▶ **Work order**: All of the data, word for word and free of pictures, is the expected result.

▶ **Material shown**:
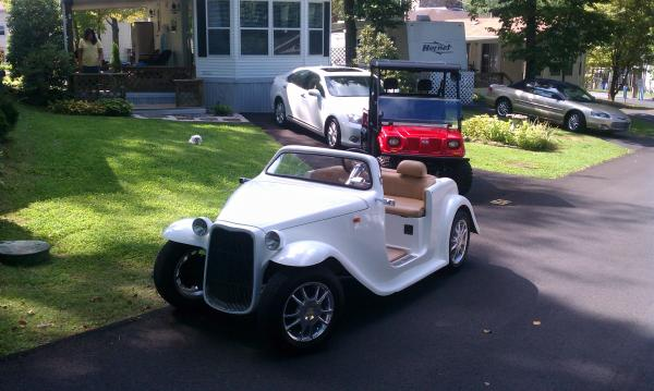 A custom golf cart . will be picked up from the shop and delivered to my home in RI.
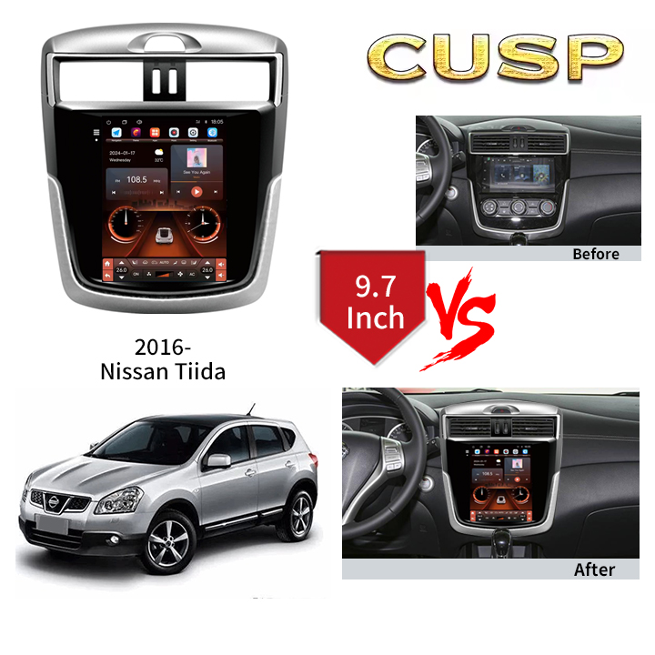 2016- NISSAN TIIDA 9.7 Inch HD IPS Screen Android Car Stereo Radio GPS Navigation Multimedia Player Tesla Style Vertical Screen with Car Play and Android Auto, Bluetooth,FM,AM, RDS, GPS, WIFI, DSP, Audio, Video,Google, Youtube, Play Store, Netflix, Support Rear Camera,in Dash Kit
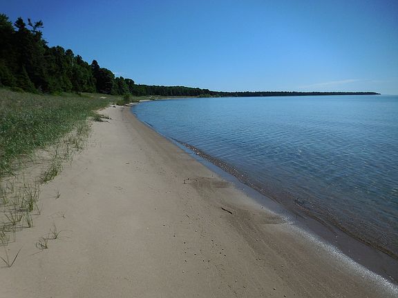250 acres of Mature Hardwood and Conifer forest over looking a wilderness bay on Lake Michigan. The frontage is spectacular sugary sand with dunes and forest of Maple, Spruce and Upland Cedar. Permitting for many uses should be simple due to the excellent topography. Quality building sites and many other development options are possible. Southerly exposure for all day sun, remote yet easy access. Power not to property but is available not far away. Adjacent to a large and remote tract of state land on the east end. Value priced and a rare find!
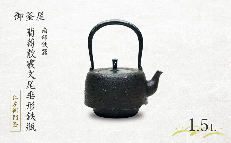 【ふるさと納税】【南部鉄器】葡萄散霰文尾垂形鉄瓶(ぶどうちらしあられもんおだれがたてつびん)1.5L 鉄瓶 やかん 急須 キッチン用品 伝統工芸品 最高級品 プレゼント 岩手県 盛岡市 御釜屋 鉄分 健康増進 鉄分摂取 お茶 美味しい 直火OK 錆びにくい
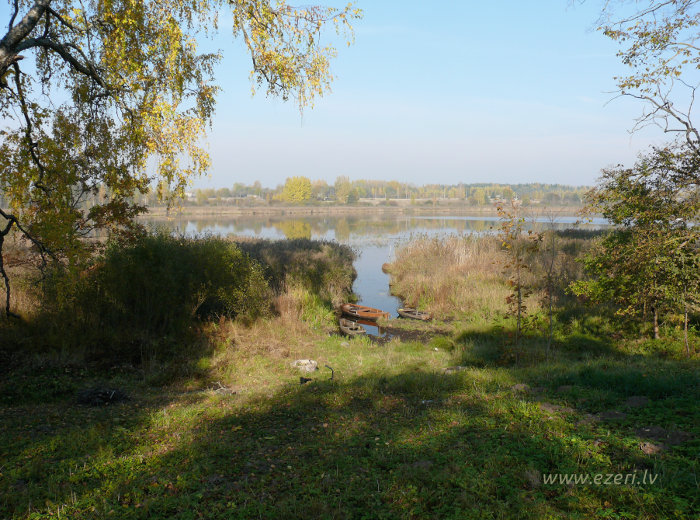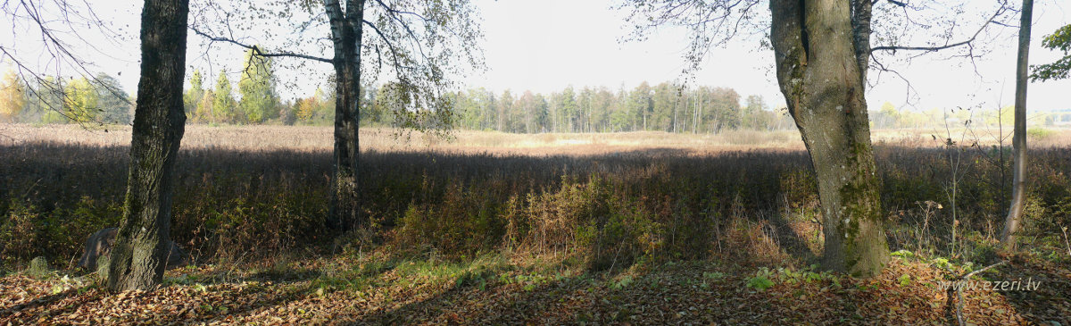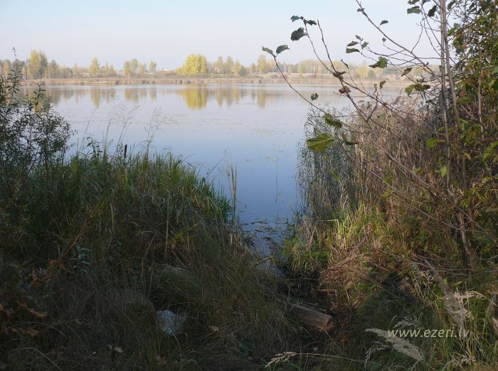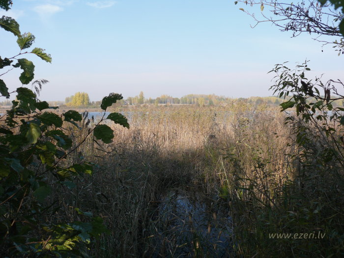 photograph Piekraste sekla, aizaugusi ar platu virsūdens augāja joslu. |
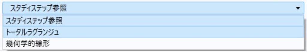 幾何学的非線形を扱う有限要素固体解析には、一般的に 2 種類の定式化方法があります。 1 つは Updated Lagrange(更新ラグランジュ)法で、計算途中の配置を積分領域として逐次更新しなが ら解きます。もう 1 つは Total Lagrange(トータルラグランジュ)法で、初期配置を積分領域として用 います。両者は等価的に同じ連続体問題を記述できます。図 1 に示すように、COMSOL Multiphysics ${ }^{\text {® }}$ では「トータルラグランジュ」、「幾何学的線形」といった選択肢が現れます。「トータルラグ ランジュ」は Total Lagrange 法を用いた幾何学的非線形解析となります。一方、「幾何学的線形」は幾何学的非線形を考慮しない微小変形解析を意味します。
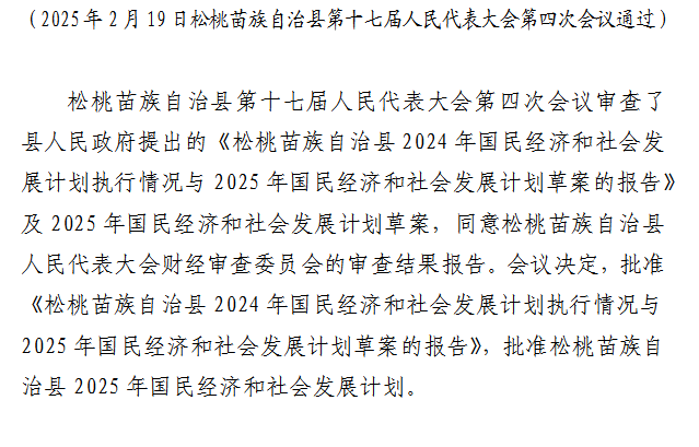 松桃苗族自治县第十七届人民代表大会第四次会议关于松桃苗族自治县2024年国民经济和社会发展计划执行情况与2025年国民经济和社会发展计划的决议
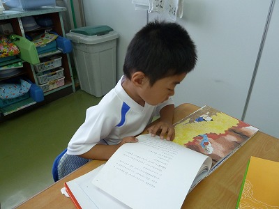 子ども達が大好きな絵本の時間♪ 絵本を選ぶ表情も、読む姿勢も真剣です! たくさんの良い絵本に触れ合ってもらいたいですね☆
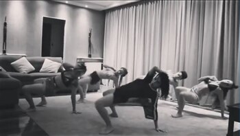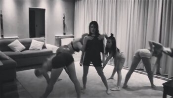 Al igual que en el videoclip, la actriz y sus bailarinas juegan con su sensualidad y con distintos pasos y poces que permiten relucir su costado más sexy y jugado.
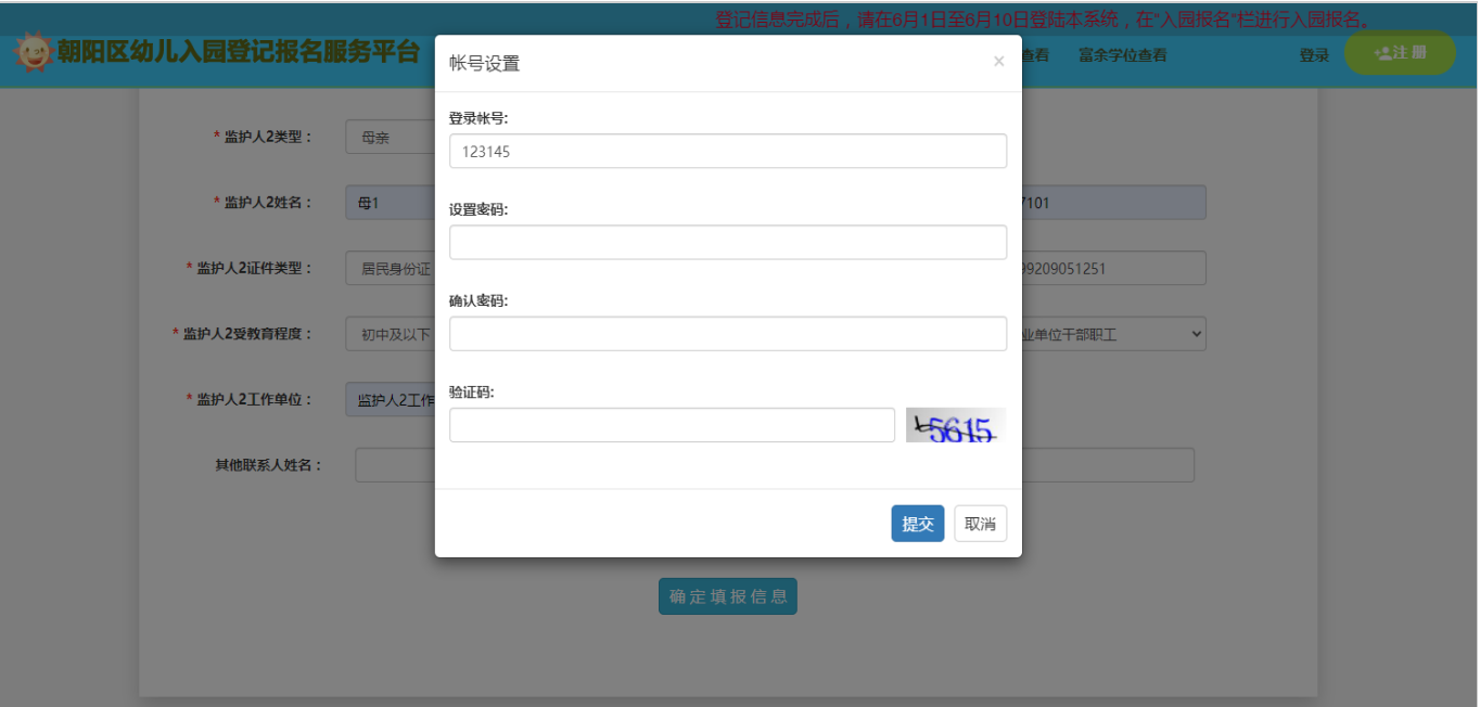 阅读家长须知填写登记信息生成账号、设置密码提交成功

▶ **Answer to this exercise**:
 A custom golf cart . will be picked up from the shop and delivered to my home in RI.
 2016- NISSAN TIIDA 9.7 Inch HD IPS Screen Android Car Stereo Radio GPS Navigation Multimedia Player Tesla Style Vertical Screen with Car Play and Android Auto, Bluetooth,FM,AM, RDS, GPS, WIFI, DSP, Audio, Video,Google, Youtube, Play Store, Netflix, Support Rear Camera,in Dash Kit
250 acres of Mature Hardwood and Conifer forest over looking a wilderness bay on Lake Michigan. The frontage is spectacular sugary sand with dunes and forest of Maple, Spruce and Upland Cedar. Permitting for many uses should be simple due to the excellent topography. Quality building sites and many other development options are possible. Southerly exposure for all day sun, remote yet easy access. Power not to property but is available not far away. Adjacent to a large and remote tract of state land on the east end. Value priced and a rare find!
 【ふるさと納税】【南部鉄器】葡萄散霰文尾垂形鉄瓶(ぶどうちらしあられもんおだれがたてつびん)1.5L 鉄瓶 やかん 急須 キッチン用品 伝統工芸品 最高級品 プレゼント 岩手県 盛岡市 御釜屋 鉄分 健康増進 鉄分摂取 お茶 美味しい 直火OK 錆びにくい
 photograph Piekraste sekla, aizaugusi ar platu virsūdens augāja joslu. |
 幾何学的非線形を扱う有限要素固体解析には、一般的に 2 種類の定式化方法があります。 1 つは Updated Lagrange(更新ラグランジュ)法で、計算途中の配置を積分領域として逐次更新しなが ら解きます。もう 1 つは Total Lagrange(トータルラグランジュ)法で、初期配置を積分領域として用 います。両者は等価的に同じ連続体問題を記述できます。図 1 に示すように、COMSOL Multiphysics ${ }^{\text {® }}$ では「トータルラグランジュ」、「幾何学的線形」といった選択肢が現れます。「トータルラグ ランジュ」は Total Lagrange 法を用いた幾何学的非線形解析となります。一方、「幾何学的線形」は幾何学的非線形を考慮しない微小変形解析を意味します。
 松桃苗族自治县第十七届人民代表大会第四次会议关于松桃苗族自治县2024年国民经济和社会发展计划执行情况与2025年国民经济和社会发展计划的决议
 子ども達が大好きな絵本の時間♪ 絵本を選ぶ表情も、読む姿勢も真剣です! たくさんの良い絵本に触れ合ってもらいたいですね☆
 Al igual que en el videoclip, la actriz y sus bailarinas juegan con su sensualidad y con distintos pasos y poces que permiten relucir su costado más sexy y jugado.
 阅读家长须知填写登记信息生成账号、设置密码提交成功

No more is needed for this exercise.